Exercise »
In your copy, leave out the pictures; write out all the data exactly.

··· Recorded information

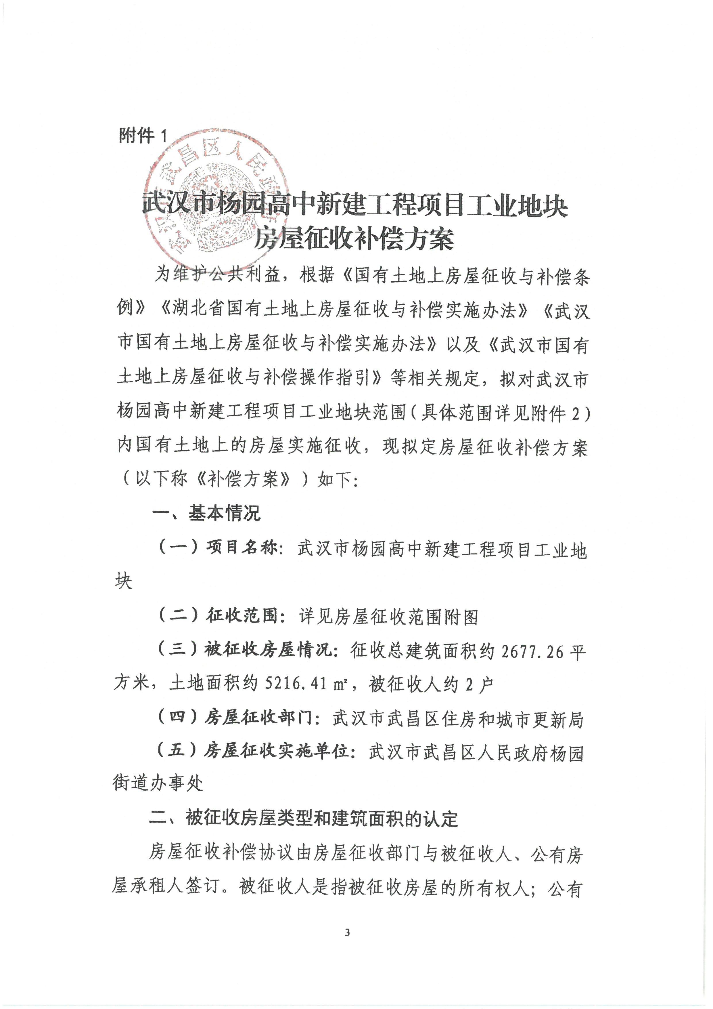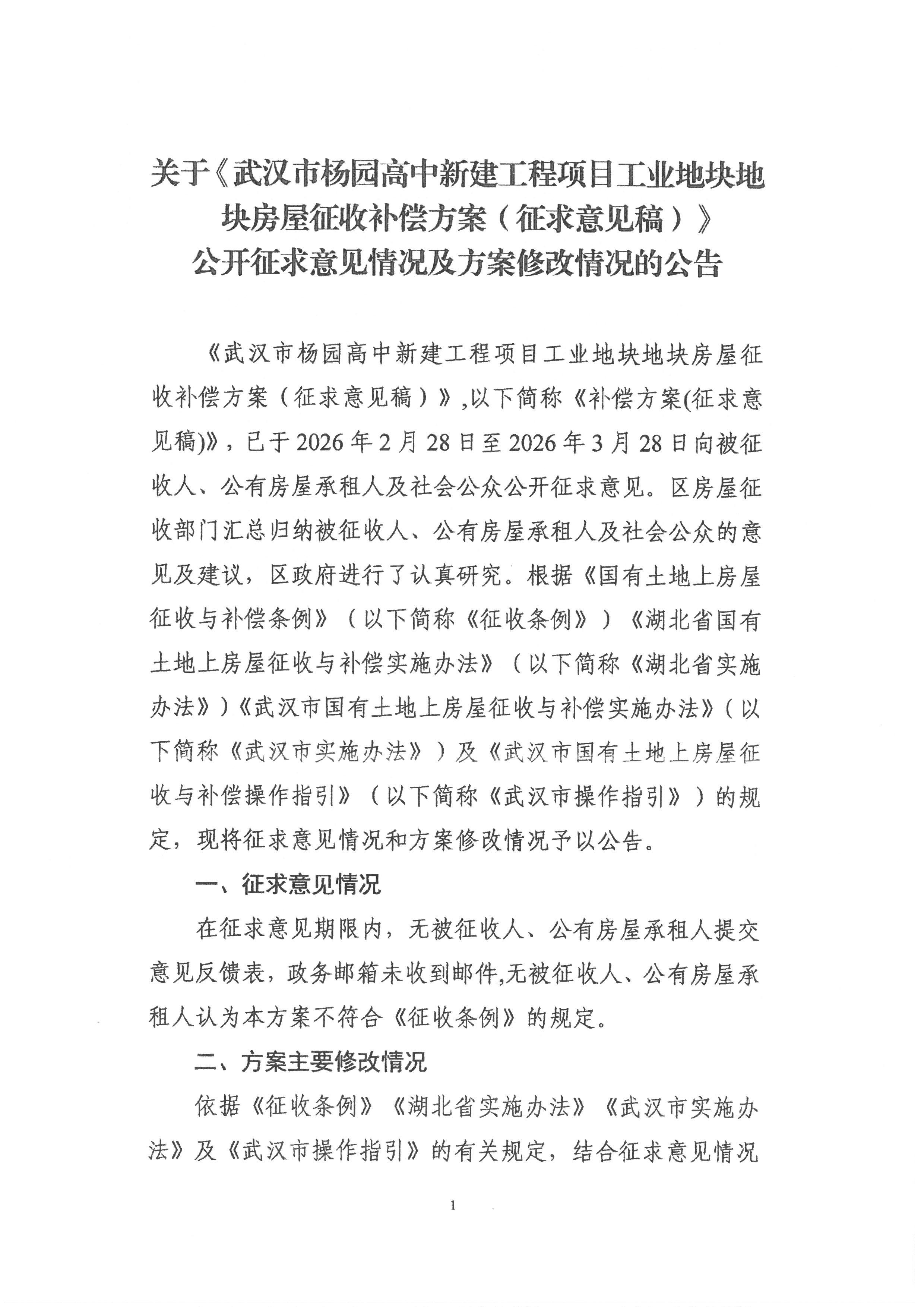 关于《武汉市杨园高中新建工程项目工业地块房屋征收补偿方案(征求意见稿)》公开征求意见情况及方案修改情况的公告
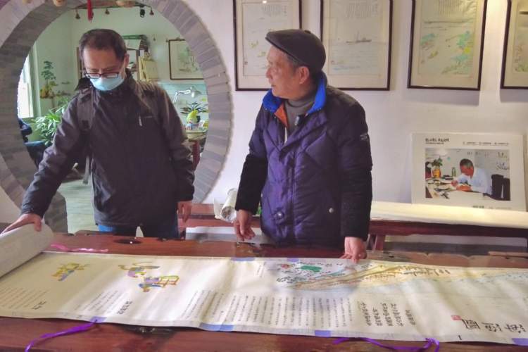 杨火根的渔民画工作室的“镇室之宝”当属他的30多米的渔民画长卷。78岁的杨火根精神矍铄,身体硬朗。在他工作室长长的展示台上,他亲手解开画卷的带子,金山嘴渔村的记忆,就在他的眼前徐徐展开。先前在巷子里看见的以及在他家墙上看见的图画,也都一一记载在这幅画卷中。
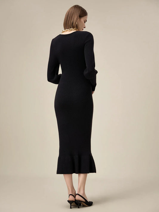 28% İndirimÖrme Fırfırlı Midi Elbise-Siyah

······

Task solution »
 关于《武汉市杨园高中新建工程项目工业地块房屋征收补偿方案(征求意见稿)》公开征求意见情况及方案修改情况的公告
 杨火根的渔民画工作室的“镇室之宝”当属他的30多米的渔民画长卷。78岁的杨火根精神矍铄,身体硬朗。在他工作室长长的展示台上,他亲手解开画卷的带子,金山嘴渔村的记忆,就在他的眼前徐徐展开。先前在巷子里看见的以及在他家墙上看见的图画,也都一一记载在这幅画卷中。
 28% İndirimÖrme Fırfırlı Midi Elbise-Siyah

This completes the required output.